▶ [PROVIDED RECORDS]

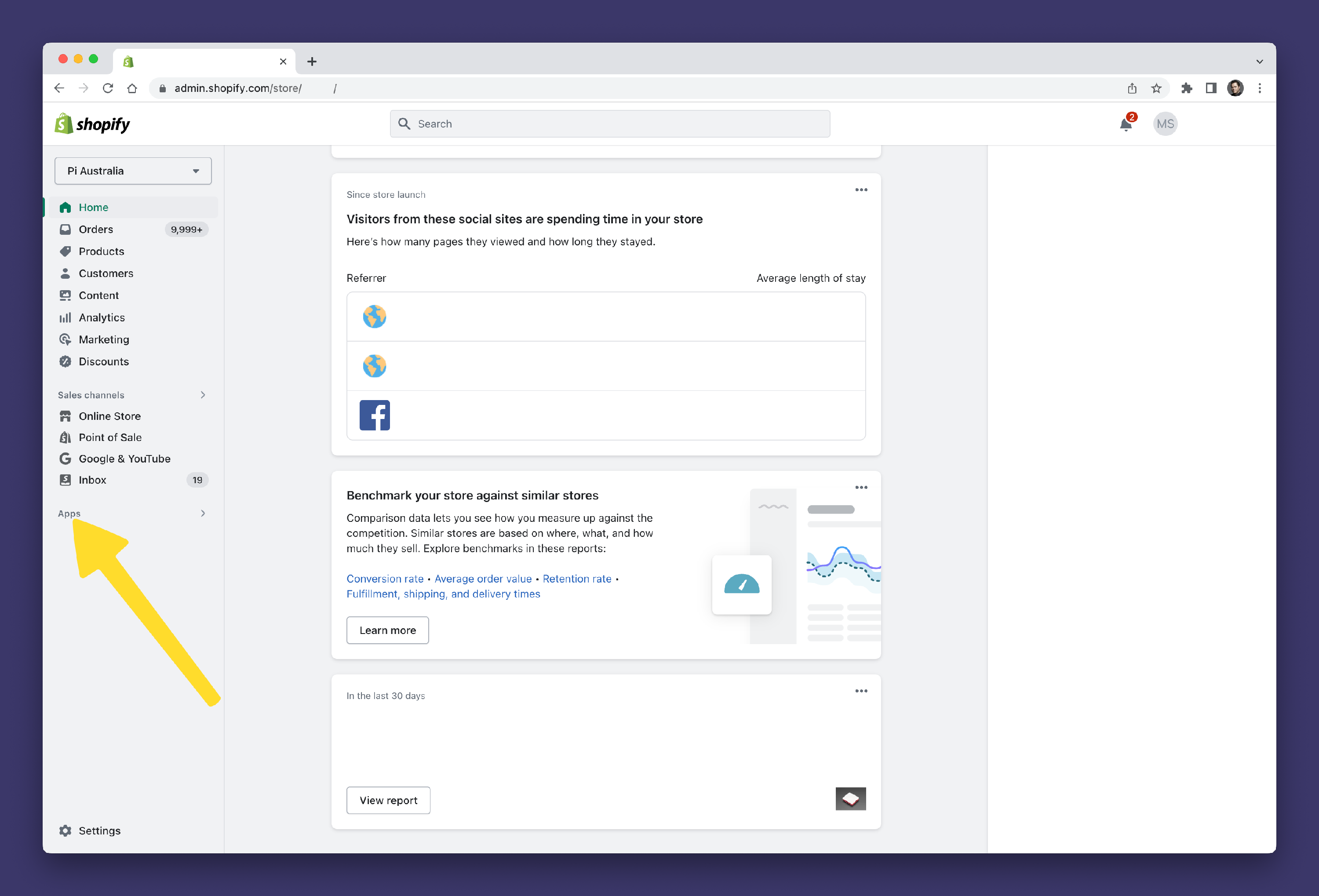 - Go to Shopify Stores settings by clicking on the Shopify Stores 2️⃣ link
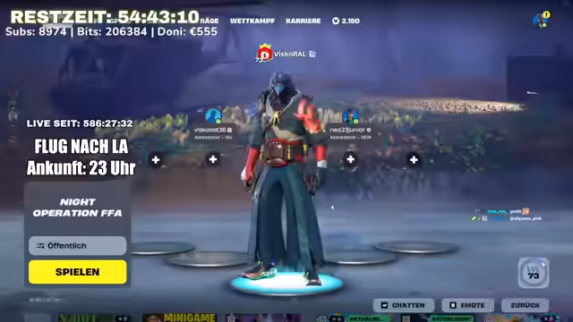 02:00:46Es wird über den Flug nach L.A. gesprochen, wobei erwähnt wird, dass sie sich gerade über Grönland befinden und noch einige Stunden bis zur Ankunft haben. Ein Zuschauer isst Brötchen mit Hähnchen und Käse, was die Diskussion über Essen wieder aufleben lässt. Ein Streamer bietet an, die Verbindung von Visco für fünf Subs zu trennen, um den Flug nicht mehr zu sehen. Es wird über technische Probleme eines Zuschauers gesprochen, der mit Hilfe von ChefGBT alles wiedergefunden hat. Ein Streamer beklagt sich über fehlende Abwechslung und fragt, warum er nicht abgeholt wurde, obwohl er Urlaub hat. Es wird über Fortnite-Updates und die Abneigung gesprochen, darüber zu streamen. Die Diskussion wechselt zu Fortnite-Leaks, die für den nächsten Tag aufgespart werden sollen, und über nervige Emotes im Chat, insbesondere das 'Fortnite Baby'-Emote.
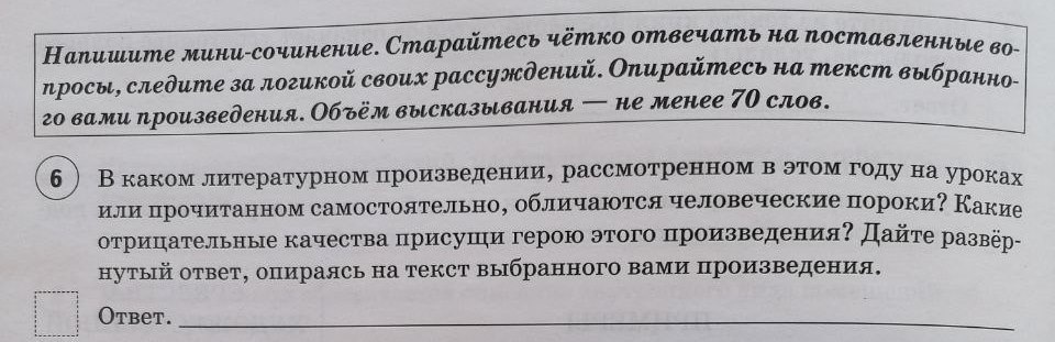 В каком литературном произведении, рассмотренном в этом году на уроках или прочитанном самостоятельно, обличаются человеческие пороки?
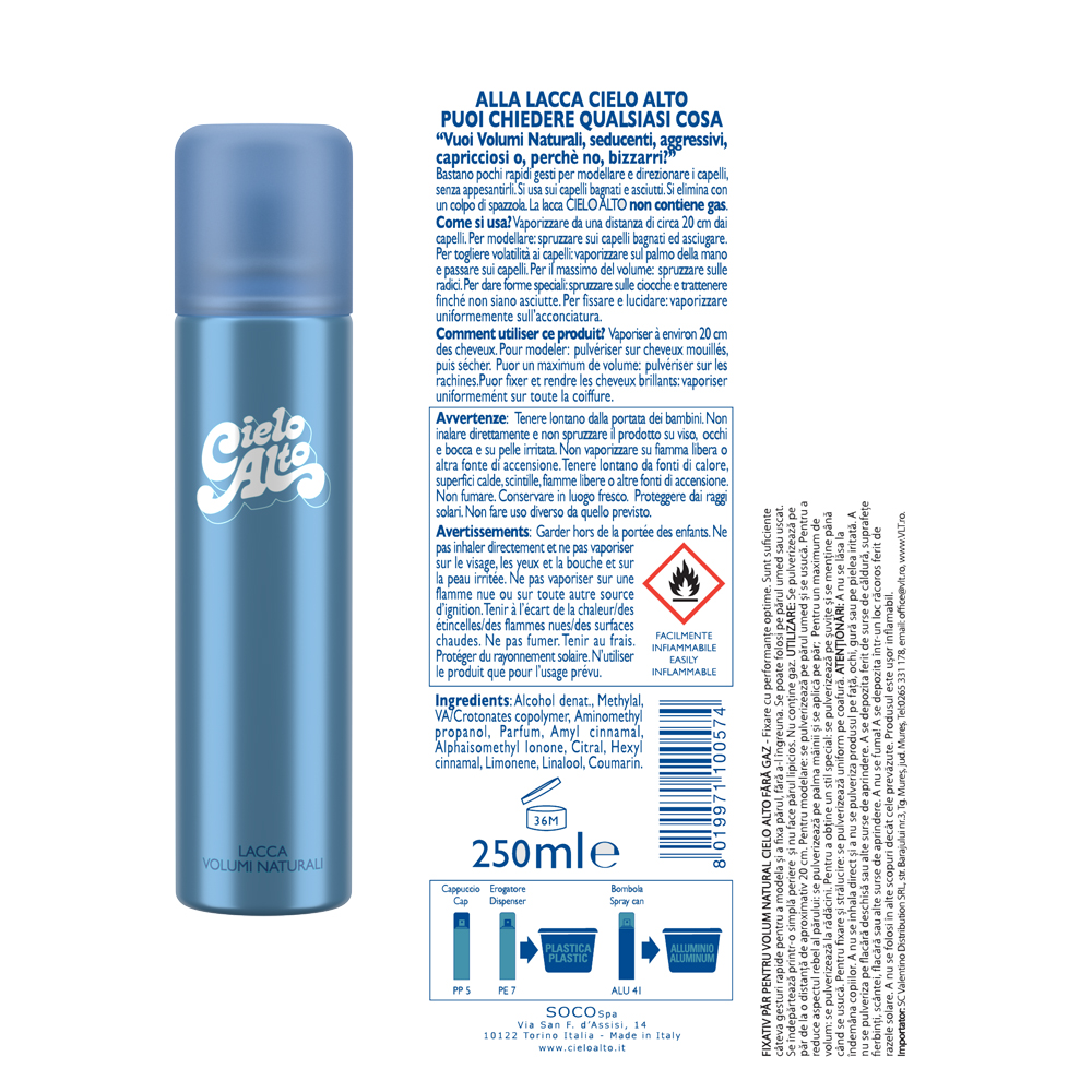 Fixativ pentru păr, fără gaz, conceput pentru a oferi volum și fixare eficientă, fără a îngreuna firul de păr. Formula permite modelarea rapidă a coafurii, menținând un aspect natural, flexibil și fără senzație lipicioasă.
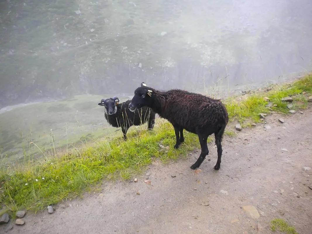 Zwei schwarze Schafe stehen am Wegesrand auf einer grünen Wiese
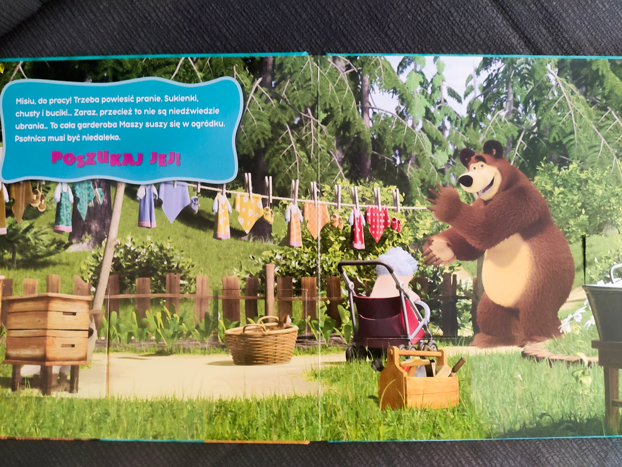 Dzieci kochają okienka – fascynuje i intryguje je to, co schowane. Ktokolwiek wymyślił takie pozycje, powinien dostać jakąś nagrodę. „Masza i Niedźwiedź. Książeczka z okienkami” to pozycja, która zajmuje mojego syna na długi czas. Nie tylko ze mną korzysta z tej książeczki, ale również sam już zna ją na tyle dobrze, że siada i szuka Maszy. Właśnie na tym polega cała zabawa – na poszukiwaniu małej, psotnej dziewczynki, która na każdej stronie się chowa z wyjątkiem pierwszej scenki, chowa się przed czujnym okiem czytelnika. Nasza bohaterka się nudzi, a przyjaciele, gdy ją widzą, sami się chowają. Na kolejnych stronach przenosimy się do ogrodu i domu Niedźwiedzia, a także nad staw. Mały czytelnik ma za zadanie odnaleźć dziewczynkę. Każda strona ma jakąś dodatkową historyjkę, którą dziecko, po pewnym czasie, zna bardzo dobrze.
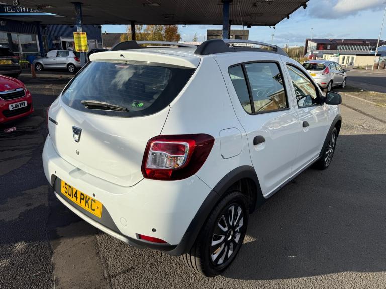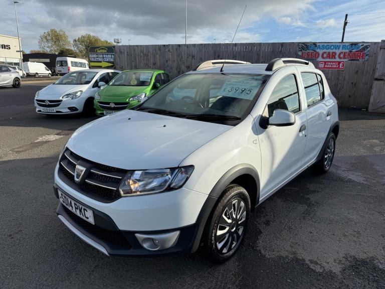For sale is this stylish and economical 2014 Dacia Sandero Stepway 1.5 dCi Laureate finished in crisp white, priced at £3995 with just 57,337 miles. This practical hatchback offers rugged SUV styling with the running costs of a small car, powered by the reliable and efficient 1.5 litre dCi diesel engine. Costing only £20 per year to tax, it is an ideal choice for drivers seeking low running costs, comfort, and reliability. This Vehicle Has a full Service History and 2 Keys.The Laureate model offers a generous level of standard specification including a multimedia touchscreen system, Bluetooth connectivity, air conditioning, electric windows, and rear parking sensors for easy manoeuvring. Its raised ride height provides a commanding driving position while maintaining excellent fuel economy and a smooth, composed ride. The spacious interior and practical boot make it perfect for both city driving and weekend adventures.This example has had one previous owner and has been well looked after throughout its life. It comes complete with a 3 month Momentum mechanical warranty, 12 months AA Breakdown Cover, and a full 12 month MOT for added peace of mind.Available now at JDM Glasgow Motors, 243 Glasgow Road, Glasgow, G73 1SU.
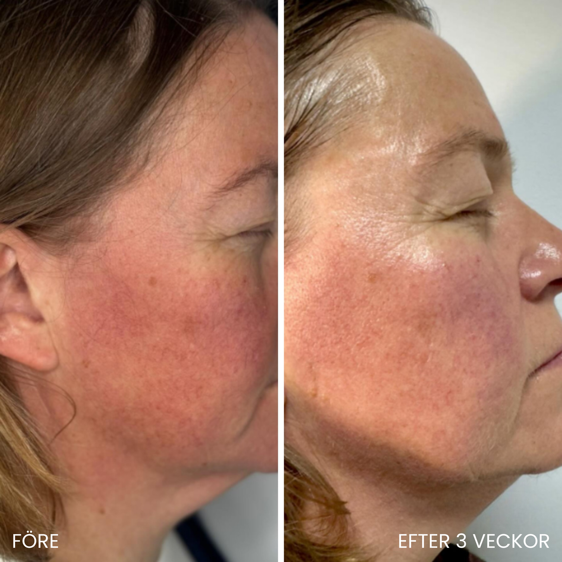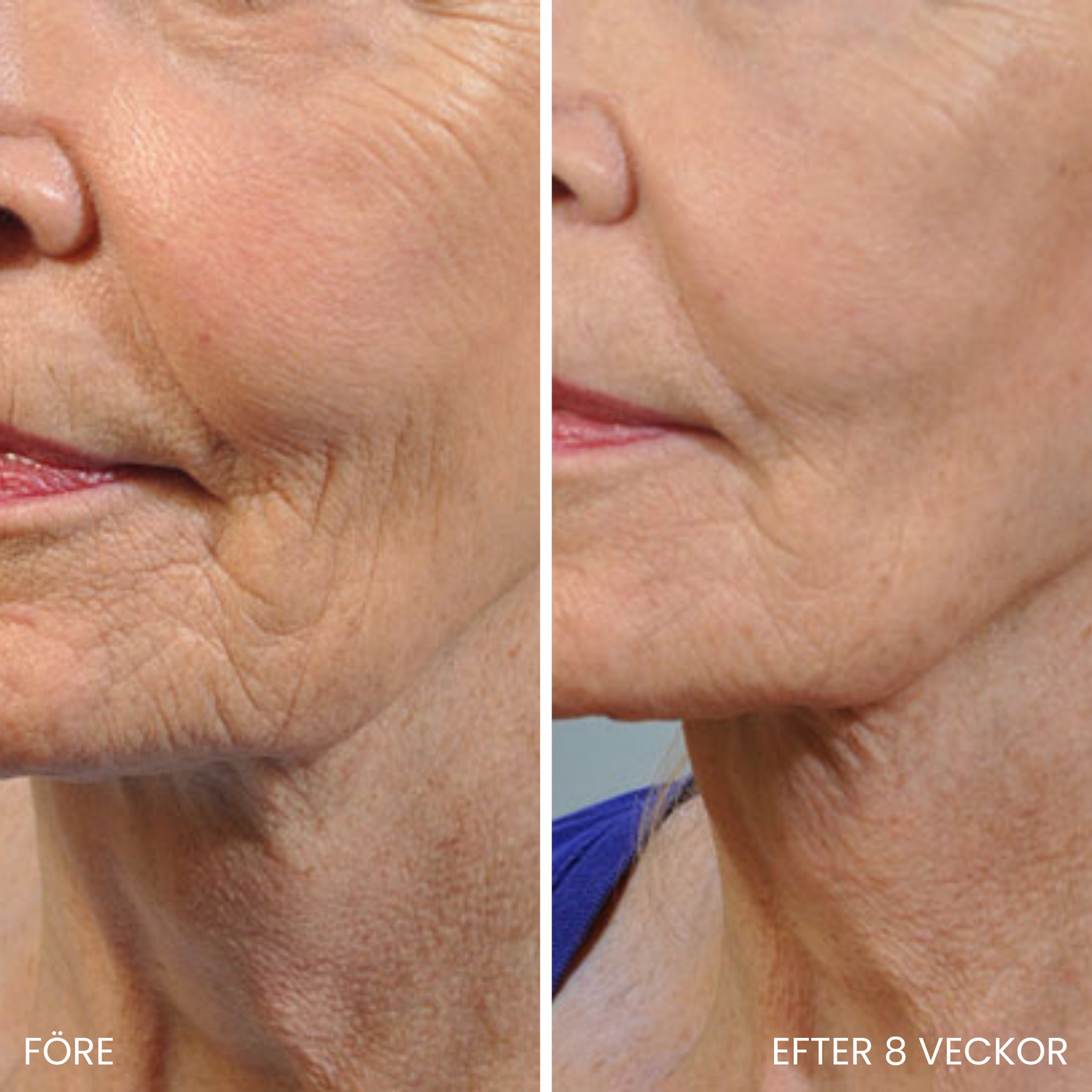 Rött ljus och NIR-ljus har lyft huden och stimulerat kollagenproduktionen, vilket gör huden slätare och fylligare. (Resultat kan ses inom 14–30 dagar).

▶ [YOUR GOAL]
Retype every entry exactly as written. Leave the pictures out.

▶ [RESPONSE AREA]
 - Go to Shopify Stores settings by clicking on the Shopify Stores 2️⃣ link
 02:00:46Es wird über den Flug nach L.A. gesprochen, wobei erwähnt wird, dass sie sich gerade über Grönland befinden und noch einige Stunden bis zur Ankunft haben. Ein Zuschauer isst Brötchen mit Hähnchen und Käse, was die Diskussion über Essen wieder aufleben lässt. Ein Streamer bietet an, die Verbindung von Visco für fünf Subs zu trennen, um den Flug nicht mehr zu sehen. Es wird über technische Probleme eines Zuschauers gesprochen, der mit Hilfe von ChefGBT alles wiedergefunden hat. Ein Streamer beklagt sich über fehlende Abwechslung und fragt, warum er nicht abgeholt wurde, obwohl er Urlaub hat. Es wird über Fortnite-Updates und die Abneigung gesprochen, darüber zu streamen. Die Diskussion wechselt zu Fortnite-Leaks, die für den nächsten Tag aufgespart werden sollen, und über nervige Emotes im Chat, insbesondere das 'Fortnite Baby'-Emote.
 В каком литературном произведении, рассмотренном в этом году на уроках или прочитанном самостоятельно, обличаются человеческие пороки?
 Fixativ pentru păr, fără gaz, conceput pentru a oferi volum și fixare eficientă, fără a îngreuna firul de păr. Formula permite modelarea rapidă a coafurii, menținând un aspect natural, flexibil și fără senzație lipicioasă.
 Zwei schwarze Schafe stehen am Wegesrand auf einer grünen Wiese
 Dzieci kochają okienka – fascynuje i intryguje je to, co schowane. Ktokolwiek wymyślił takie pozycje, powinien dostać jakąś nagrodę. „Masza i Niedźwiedź. Książeczka z okienkami” to pozycja, która zajmuje mojego syna na długi czas. Nie tylko ze mną korzysta z tej książeczki, ale również sam już zna ją na tyle dobrze, że siada i szuka Maszy. Właśnie na tym polega cała zabawa – na poszukiwaniu małej, psotnej dziewczynki, która na każdej stronie się chowa z wyjątkiem pierwszej scenki, chowa się przed czujnym okiem czytelnika. Nasza bohaterka się nudzi, a przyjaciele, gdy ją widzą, sami się chowają. Na kolejnych stronach przenosimy się do ogrodu i domu Niedźwiedzia, a także nad staw. Mały czytelnik ma za zadanie odnaleźć dziewczynkę. Każda strona ma jakąś dodatkową historyjkę, którą dziecko, po pewnym czasie, zna bardzo dobrze.
For sale is this stylish and economical 2014 Dacia Sandero Stepway 1.5 dCi Laureate finished in crisp white, priced at £3995 with just 57,337 miles. This practical hatchback offers rugged SUV styling with the running costs of a small car, powered by the reliable and efficient 1.5 litre dCi diesel engine. Costing only £20 per year to tax, it is an ideal choice for drivers seeking low running costs, comfort, and reliability. This Vehicle Has a full Service History and 2 Keys.The Laureate model offers a generous level of standard specification including a multimedia touchscreen system, Bluetooth connectivity, air conditioning, electric windows, and rear parking sensors for easy manoeuvring. Its raised ride height provides a commanding driving position while maintaining excellent fuel economy and a smooth, composed ride. The spacious interior and practical boot make it perfect for both city driving and weekend adventures.This example has had one previous owner and has been well looked after throughout its life. It comes complete with a 3 month Momentum mechanical warranty, 12 months AA Breakdown Cover, and a full 12 month MOT for added peace of mind.Available now at JDM Glasgow Motors, 243 Glasgow Road, Glasgow, G73 1SU.
 Rött ljus och NIR-ljus har lyft huden och stimulerat kollagenproduktionen, vilket gör huden slätare och fylligare. (Resultat kan ses inom 14–30 dagar).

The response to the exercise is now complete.